If you don't see a consensus in meaning, then you might agree with Bruer's (2016) survey of the literature. He concluded that educational neuroscience is still only a "meta-scientific literature" that talks about science, and not a scientific literature producing scientific findings.
If a scientific literature is still premature, then part of the problem is in aligning goals. However, alignment is not straightforward given the different agendas and priorities in each area of study. While educators focus on how learning unfolds for students, neuroscientists focus on brain functions that contribute to learning. Confounding alignment is the additional challenge of how each party can leverage their expertise in synergistic ways in the context that matters- the classroom. Here, numerous variables are in play: the child, the child interacting with other children, the teacher, pedagogy, available materials, etc.

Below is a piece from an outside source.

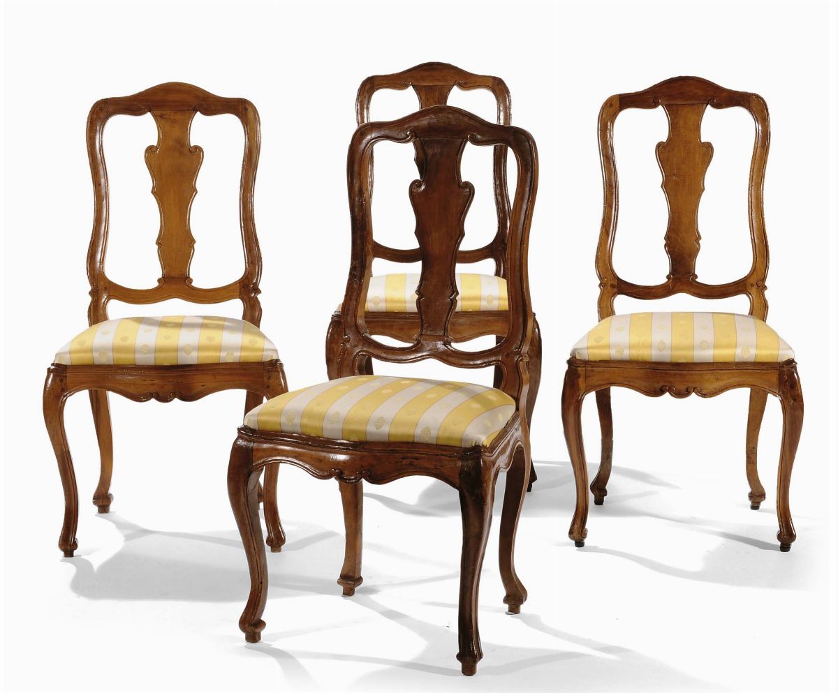 Quattro sedie Luigi XV con schienale a stecche, XVIII secolo
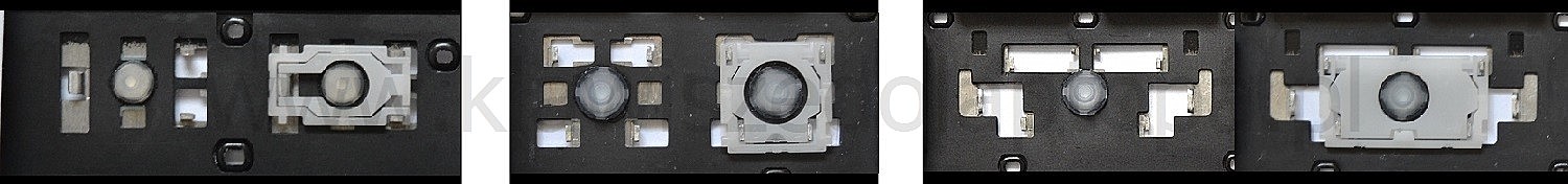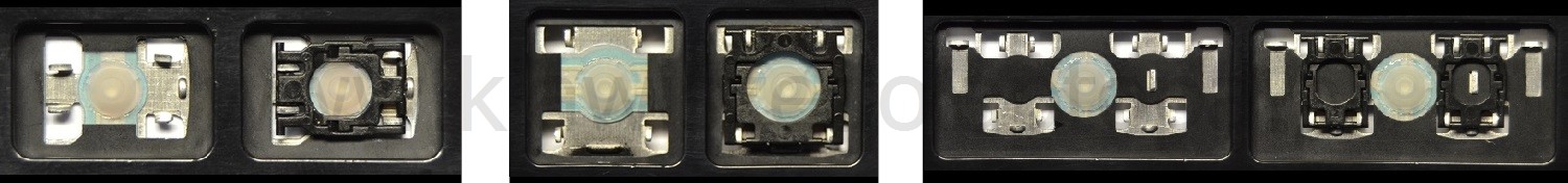 *Zdarza się, że w poszczególnych modelach klawiatury stosuje się więcej typów mocowań niż te trzy pokazane na zdjęciach; niektóre klawisze mają też metalowe zawiasy.

Even more challenging is that the interaction between variables is more likely dynamic than linear, and outcomes are often unexpected or "emergent." Furthermore, the complexity of systems increases when they are hierarchically organized, such as in school systems. The interaction of variables at one level (e.g., the classroom) can lead to unanticipated outcomes at a larger level (e.g., the school or school district). This observation is a central feature of the organization of neurons and brains, and must be respected. For example, who could have predicted that individual neurons operating in a neural system would lead to hearing, which supports a more complex system-language? And, at more complex levels, who would have predicted interacting neurons leading to conscious beings; and, in turn, one conscious being (the teacher) teaching other conscious beings (students)?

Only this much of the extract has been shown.